2021 GLRM 306

Single-cell Analysis of Prenylation in Mammalian Cells via Mass Cytometry

Zoe Maxwell¹, maxwe235@umn.edu, Heather M. Brown¹, Kiall F. Suazo¹, Elyse Krautkramer¹, Kevin Liu¹, Mark D. Distefano³, Edgar A. Arriaga². (1) Chemistry, University of Minnesota Twin Cities, Minneapolis, Minnesota, United States (3) Univ of Minnesota, Minneapolis, Minnesota, United States

Mass cytometry has become an important single-cell analysis tool due to its ability to measure over 40 parameters simultaneously through the detection of metal isotopes by ICP-MS. Traditional reporters for mass cytometry are antibodies linked with polymers that chelate metal isotopes often from the lanthanide series. Only using antibody reporters in experiments limits what targets can be detected in the cell. To expand the questions that can be answered using mass cytometry, there is a need to develop additional reporters for important cellular components. In this work, a novel probe and reporter method has been established to track changes in prenylation with mass cytometry. Prenylation is an essential post-translational modification which is the enzyme mediated attachment of an isoprenoid to proteins to facilitate correct localization and signaling.

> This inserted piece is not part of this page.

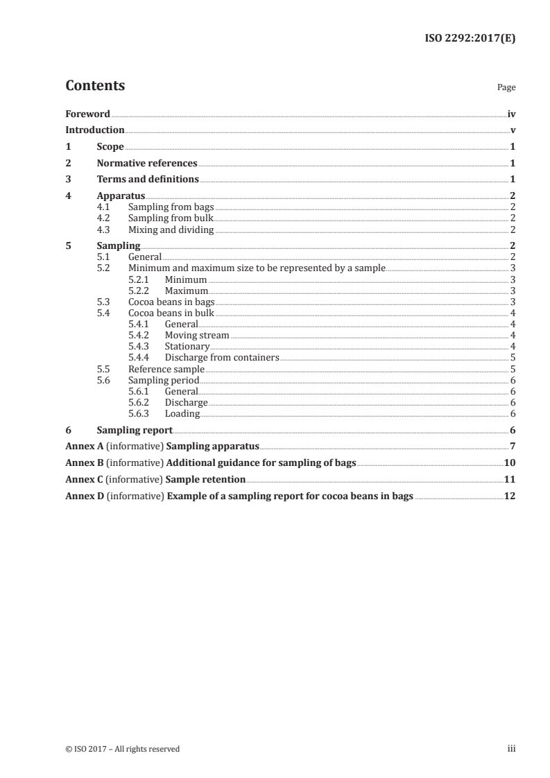 Keywords: ISO 2292:2017, cocoa bean sampling, sampling cocoa beans, composite sample, reference sample, sampling from bags and bulk.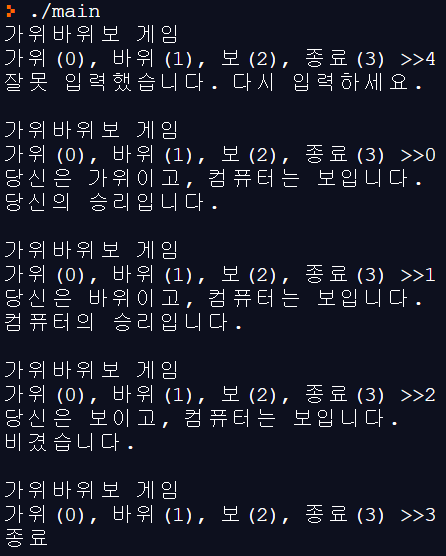 printf("가위(0), 바위(1), 보(2), 종료(3) >>");

Disruption of prenylation has been indicate in multiple diseases such as progeria and Alzheimer’s. To track changes in prenylation, a farnesyl diphosphate analog containing a terminal alkyne is incorporated into cells during culture. After harvest, fixation and permeabilization the cells then undergo a copper catalyzed click reaction to attach a reporter containing a terminal azide and chelating a terbium ion. The intensity of terbium after the cells go through the mass cytometer can then be related back to level of prenylation in each cell. A non-specific binding reporter similar in structure to the terbium reporter has also been included in this method to track non-specific binding in the cells. To demonstrate applicability, the method has been successfully applied in two cell culture models of reduced autophagy function. In the future, this novel method can be used to investigate changes in prenylation levels in cellular models of disease, aging and after pharmaceutical treatments. Development of this technique has expanded the available cellular targets that can be investigated by mass cytometry and opened the door to expansion of similar reporters for other post-translational modifications or functional measurements.